[Stored dataset items]
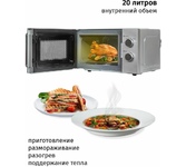 Объем 20 л; Мощность 700 Вт; 6 уровней мощности; Максимальное время приготовления 30 мин; Поворотный стол 24,5 см; Функция разморозки; Сигнал об окончании готовки; Механизм открывания дверцы – кнопка; Тип управления: механический; Цвет: белый с черными ручками и хромироаными вставками
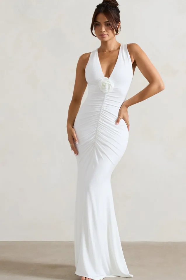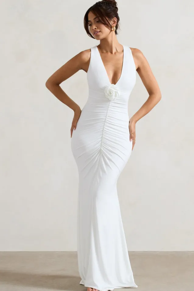 Julianna | White Plunge-Neck Ruched Maxi Dress With Corsage
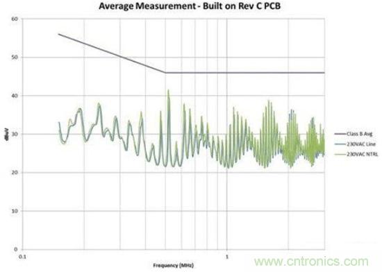 注意,漏極連接與輸入引線之間有一些由輸入電容器提供的屏蔽。該電容器的外殼連接至主接地,可為共模電流提供返回主接地的路徑。如圖2所示,這個微小的電容會導致電源EMI簽名超出規范要求。
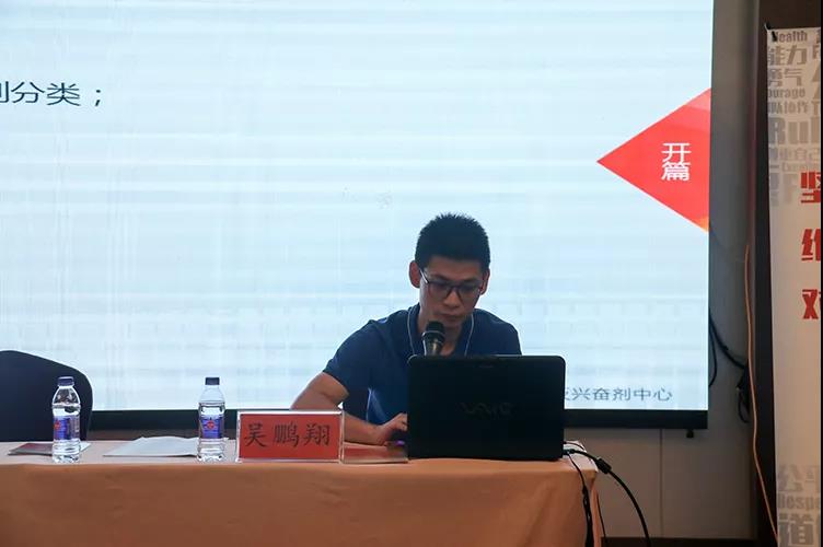 随后,浙江省反兴奋剂中心省级讲师吴鹏翔开展反兴奋剂教育知识宣讲。他主要从兴奋剂的种类、兴奋剂的危害、兴奋剂的管制以及兴奋剂的预防等4个方面进行了讲解,并通过观看视频案例、讲解现实案例等方式加深全体人员的反兴奋剂意识。
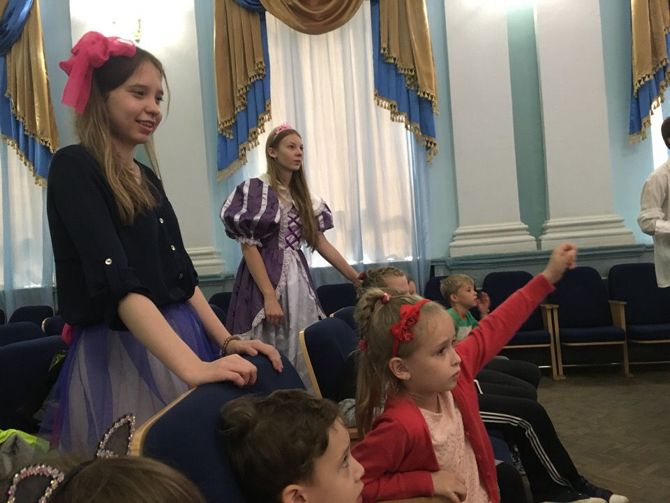 В театральной студии креативно играли, творили, музицировали, ставили этюды, музыкальные сценки, сказки и даже снимали фильм с Антоновой Ольгой Владимировной.
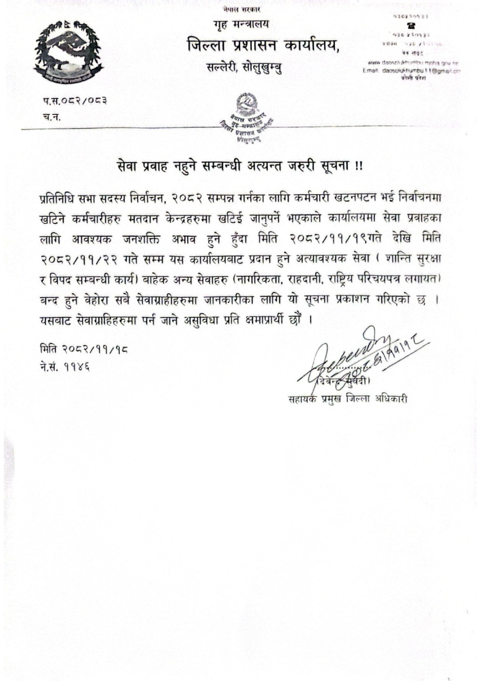 सेवा प्रवाह नहुने सम्बन्धी सूचना !!
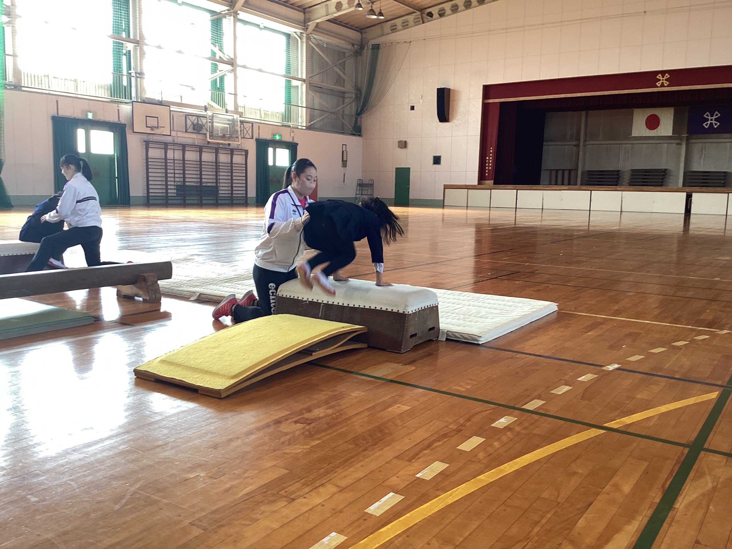 体育館では既に自由登校になっている3年生たちが運動のサポートのために参加してくれました。
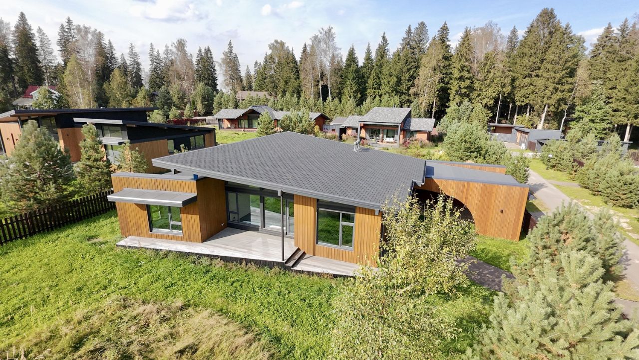 Домовладение общей площадью 234 кв.м, отапливаемая площадь 127 кв.м, во всем доме панорамные, энергоэффективные окна. Планировкой предусмотрены кухня-столовая, гостиная с высокими потолками. Выход на террасу, встроенные шкафы, котельная, 3 спальни, 3 с/у. Полы в доме на разных уровнях. Терраса из лиственницы с южной стороны дома 32 кв м. Крытый навес для авто\мото и вело техники 50 квм. Дом расположен на участке 12 сот. На участке высажены сосны. Есть возможность купить соседний участок с домом.
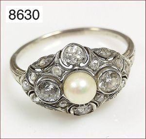 Ring, ART DECO aus den 20er Jahren, WG 585/000, Akoja-Perle, D = 5,3 mm, 4 Altschliffdiamanten, ca. 0,75 ct w-si/p, 14 Diamantrosen, RW ca.60
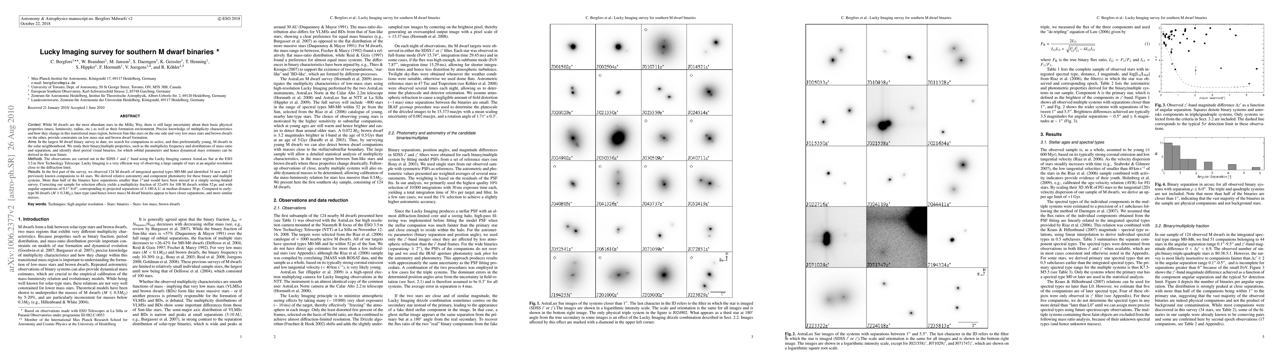 The research utilized the Lucky Imaging technique with the AstraLux Sur camera at the ESO 3.5 m New Technology Telescope, observing 124 M dwarfs in the SDSS i' and z' bands to identify companions and derive relative astrometry and photometry.
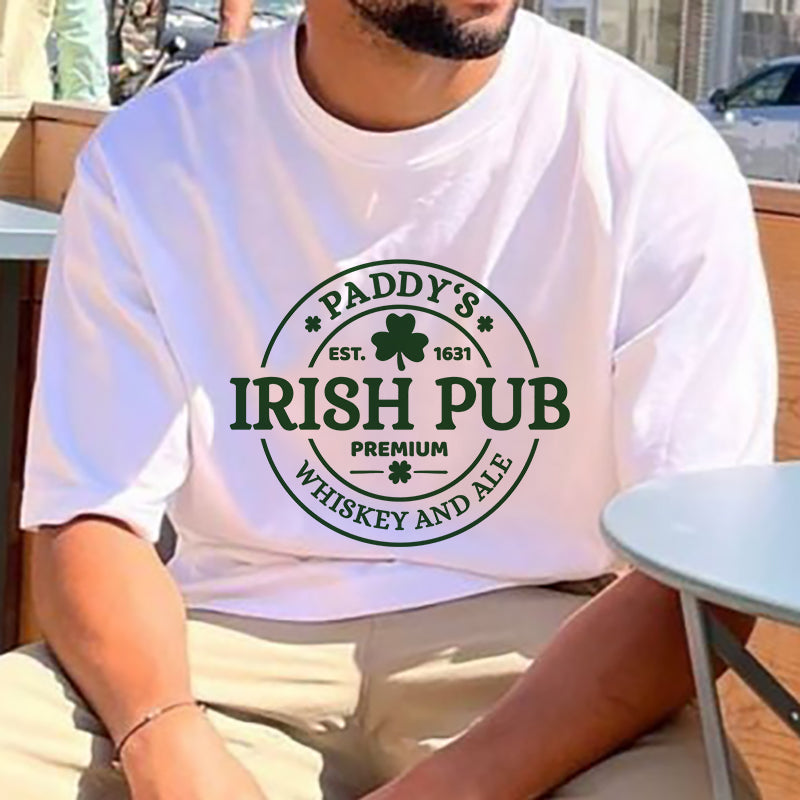 Step into the spirit of Ireland with our Men's Paddy's Irish Pub T-Shirt! Perfect for St. Patrick's Day or as a tribute to your favorite Irish alehouse.
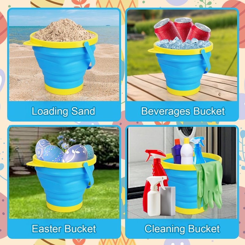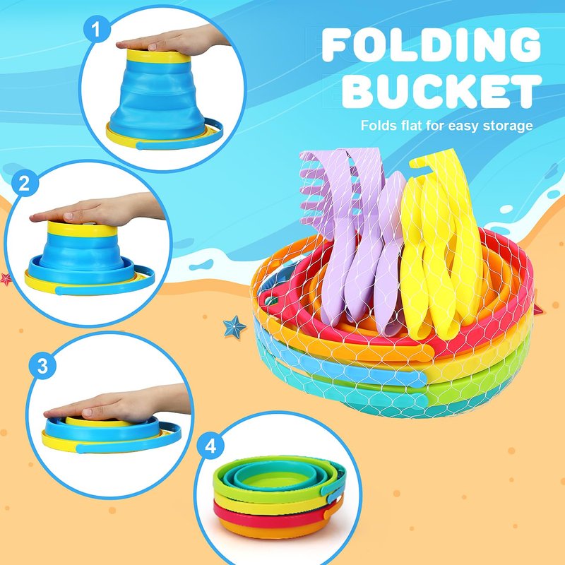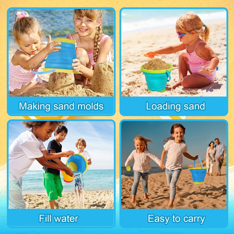 - 🪣MULTI-FUNCTION COLLAPSIBLE BUCKETS - To make your beach trip more light and portable, we use the compressible bucket, reduce the weight of the child can also lift, the sand toy compressible bucket is made of silica gel, soft and not harmful to children. Kids can not only use the bucket for beach fun but also can be used in the daily routine like washing the car, watering the flowers, cleaning the house.
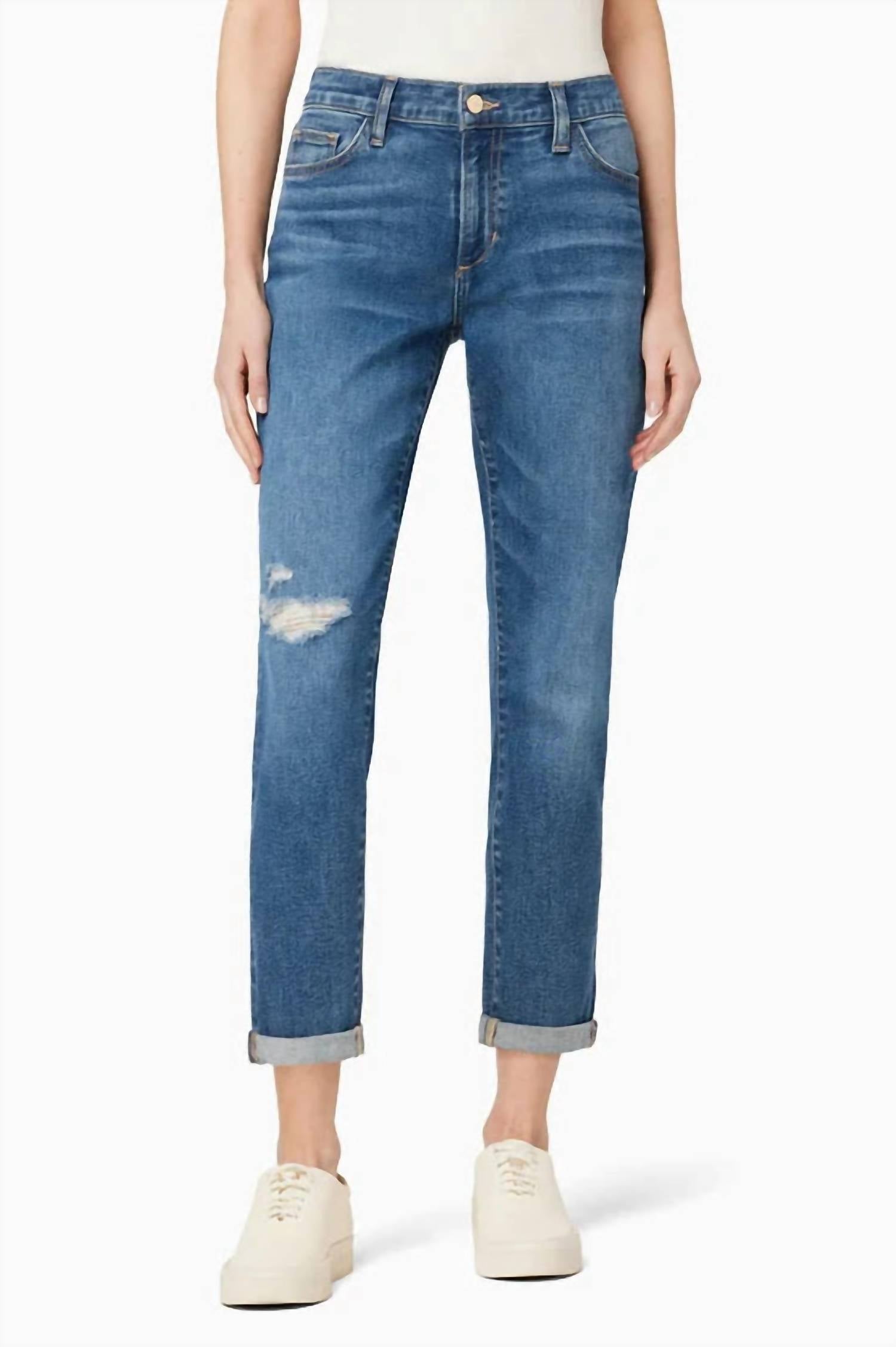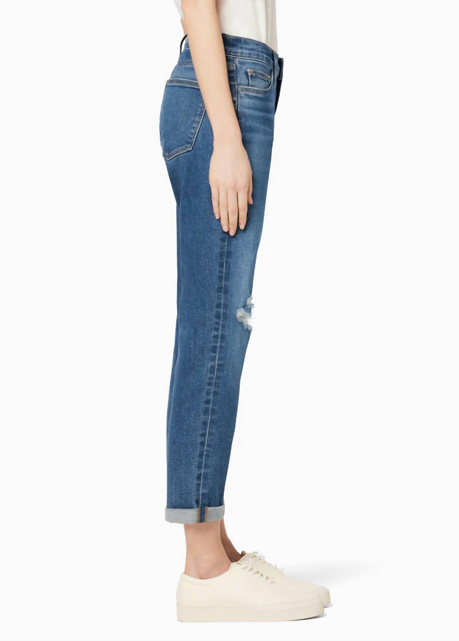 uma sensação descontraída, mas ainda surpreendentemente elegante. Eleve sua coleção de jeans com a calça Bobby Boyfriend da Joe's Jeans, perfeita para mulheres que buscam um estilo streetwear despojado. Com cintura média e perna reta, esta calça jeans é confeccionada em uma mistura de algodão composta por 93% algodão, 6% elastomultiéster e 1% elastano para proporcionar um alongamento confortável. A lavagem sustentável "Be The Light" escura-média apresenta acabamento em ribana e acabamento nos joelhos, criando um visual moderno, acentuado pelo estilo clássico de cinco bolsos e fecho de botão. Ideal para o verão, esta calça jeans é perfeita para um jantar ou para a comemoração do 4 de julho.

**WHAT THE TASK REQUIRES**
Using the records above, copy exactly and only the lines from the line with "- 🪣MULTI-FUNCTION COLLAPSIBLE" through the end, both included; leave every picture out.

**ANSWER SPACE**
 - 🪣MULTI-FUNCTION COLLAPSIBLE BUCKETS - To make your beach trip more light and portable, we use the compressible bucket, reduce the weight of the child can also lift, the sand toy compressible bucket is made of silica gel, soft and not harmful to children. Kids can not only use the bucket for beach fun but also can be used in the daily routine like washing the car, watering the flowers, cleaning the house.
 uma sensação descontraída, mas ainda surpreendentemente elegante. Eleve sua coleção de jeans com a calça Bobby Boyfriend da Joe's Jeans, perfeita para mulheres que buscam um estilo streetwear despojado. Com cintura média e perna reta, esta calça jeans é confeccionada em uma mistura de algodão composta por 93% algodão, 6% elastomultiéster e 1% elastano para proporcionar um alongamento confortável. A lavagem sustentável "Be The Light" escura-média apresenta acabamento em ribana e acabamento nos joelhos, criando um visual moderno, acentuado pelo estilo clássico de cinco bolsos e fecho de botão. Ideal para o verão, esta calça jeans é perfeita para um jantar ou para a comemoração do 4 de julho.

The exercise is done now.